There is also a misunderstanding about what hospice does. When my Mom was dying, I assumed that the very infrequent visits from the hospice team were because we were on Tenncare. I was used to us getting the short end of the stick, the last of the loaf. I was used to having to sit in clinics for hours for treatment for everything. So seeing a nurse for about thirty minutes every day seemed par for the course. Having a “bank” of time for a sitter seemed normal too. There was a total of 20 hours I could use, so I had to be careful how I budgeted it.

Turns out that is the way it goes. From reading up more, and from the stories from my mother-in-law having hospice care, we weren’t unusual.

When you call hospice, they are there to help, but the family members are the primary caregivers.
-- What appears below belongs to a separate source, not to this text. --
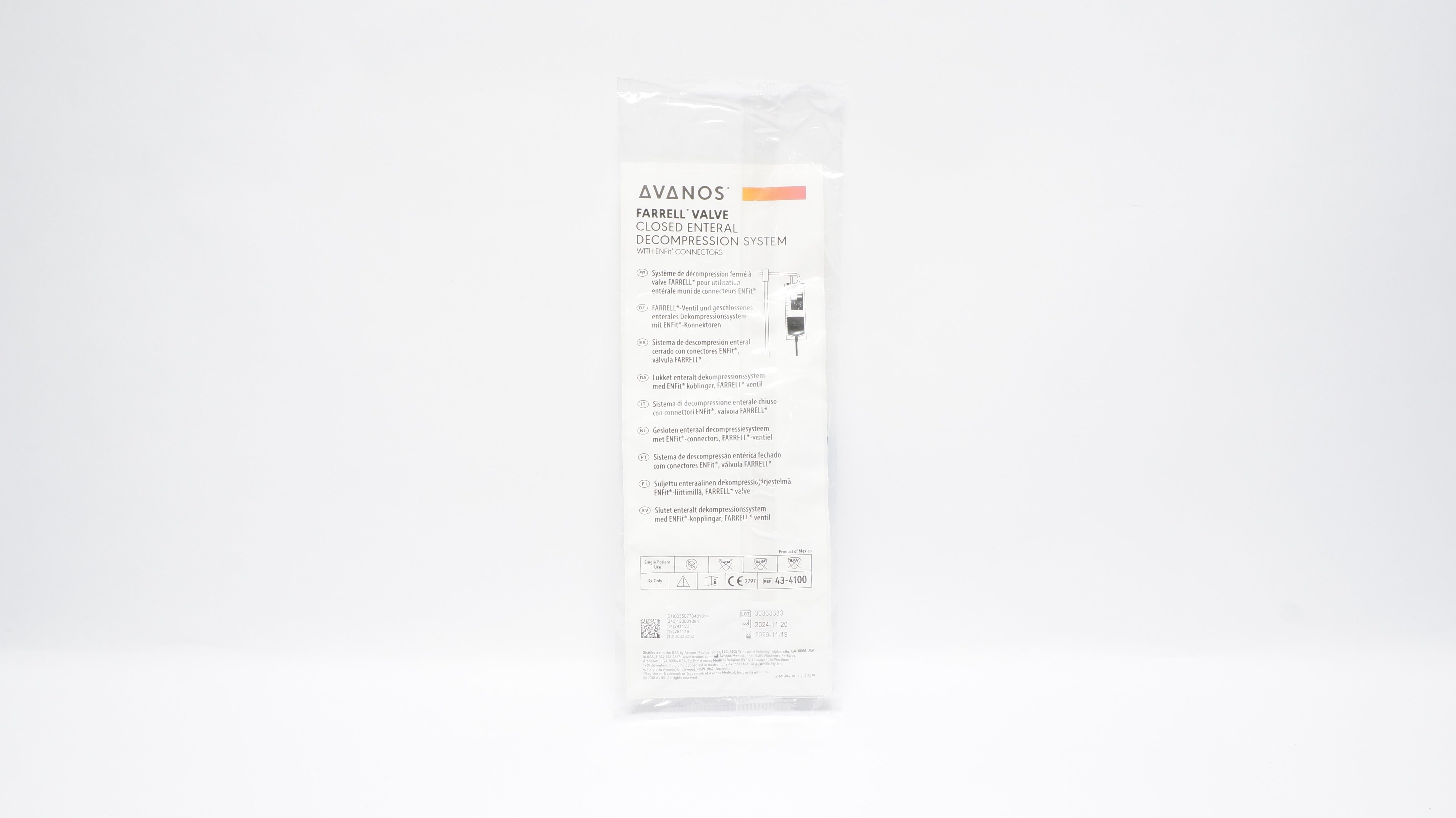 Avanos 43-4100 Farrel Valve Closed Enteral Decompression System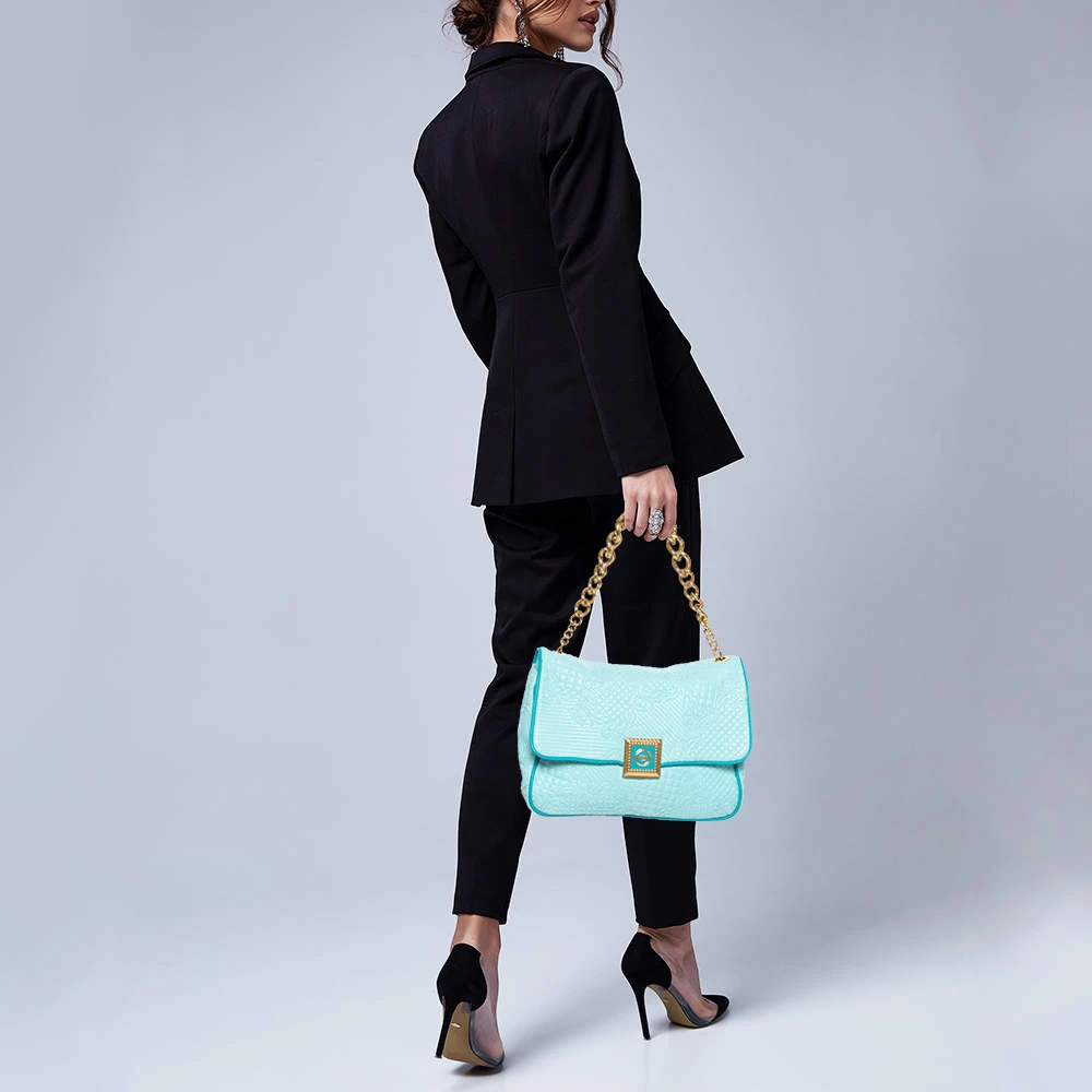 How gorgeous is this bag from Versace! Crafted from turquoise leather and gold-tone hardware, it carries an outstanding design. It has a fabric interior secured by a front flap and a shoulder strap. The tasselled-Medusa detail uplifts its beauty and makes it a buy you will not regret.

They are drafted into service, shanghaied even. They do most of it. The nurses come by to change medicine if necessary. The rest of everything? That is on you.

They don’t sit with the patient 24 hours a day until they die. They don’t check them into a specialized hospital and care for them. It is on the family to do the heavy lifting, literally and metaphorically.

They might provide a handbook that helps. If you are lucky, all the pages are there. Sometimes they aren’t. Fortunately, these days, you can look up “Signs of death” online and get a lot of helpful advice.

Ideally, all nurses and doctors would understand that death isn’t something to be feared. It is a natural part of life. It is only scary if it is unknown – like everything else. Fear comes from ignorance – learn as much as you can and you’ll not be afraid.